Dual Class Shares Justification

  • Particular technology companies have founders so visionary and charismatic that the companies could not be as successful without them, and they need to steer the ship.
  • Lack of voting rights for public shareholders is good, as it allows these founders to guard against activists demanding short-term profits at expense of long-term growth.
  • Dual-class shares give public an opportunity to participate in the company’s growth.

Entrenched Management

  • A few very well-known companies have thrived with long-term founders at helm.
  • But entrenched management produces lower returns for investors over the long-term.
  • Dual-class structures tend to under-perform companies with dispersed voting power.

Negative Effects

  • Without an appropriate level of accountability to shareholders created by dual-class, investors will be hurt, and badly, beyond lower profitability; other negative effects.
  • Including management self-dealing and treating company like a personal piggy bank.
  • Outsized optimism and over-estimation of the skills needed for long-term success.
  • Insular group-think, in which the founder surrounds himself with unqualified yes-men.
  • Poor accounting controls; taking eye off ball, burning cash by investing in ancillary.
  • Abusive working conditions, including discriminatory practices and harassment.

Weak Corporate Governance

  • Investors, particularly late-stage venture capital investors with deep pockets, been willing to pay astronomical sums while ceding massive amounts of control to founders.
  • Effect is other investors must agree to terms that were once unthinkable, including low-vote or no-vote shares; the result companies with weak corporate governance.
  • Hopeful recent events with founder-controlled companies will serve as wake-up call.
  • And investors will do more to push back against the trend toward weak governance.
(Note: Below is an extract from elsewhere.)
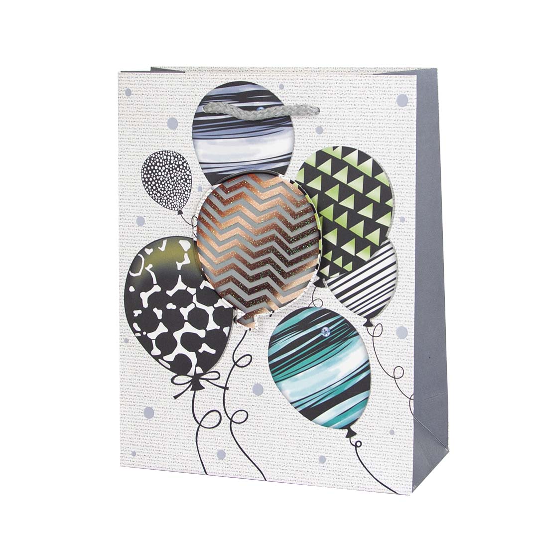 Пакет подарочный 3D, Воздушные шары, с блестками, 23*18*8 см, 1 шт.

Role of Regulators, Exchanges

  • Policymakers should not be content to let the market fix itself, as stakes are too high.
  • Cannot expect this problem to be solved by investors acting for the common good.
  • SEC tried to ban creation of super-voting share classes, but defeated in court.
  • Still SEC can enhance disclosure of heightened risks associated with dual-class shares.
  • Stock exchanges not prevented from addressing issue, except their IPO listing profits.
  • But exchanges are self-regulatory organizations, and such act as guardians of market.

Compromise Solution

  • Several organizations have offered compromise solution for the exchanges to consider.
  • Sun-setting of super-voting rights, which would protect a visionary founder from activist investors for a reasonable length of time while preventing long-term harms.
  • Urged exchanges to quickly adopt these types of reforms to promote fair markets.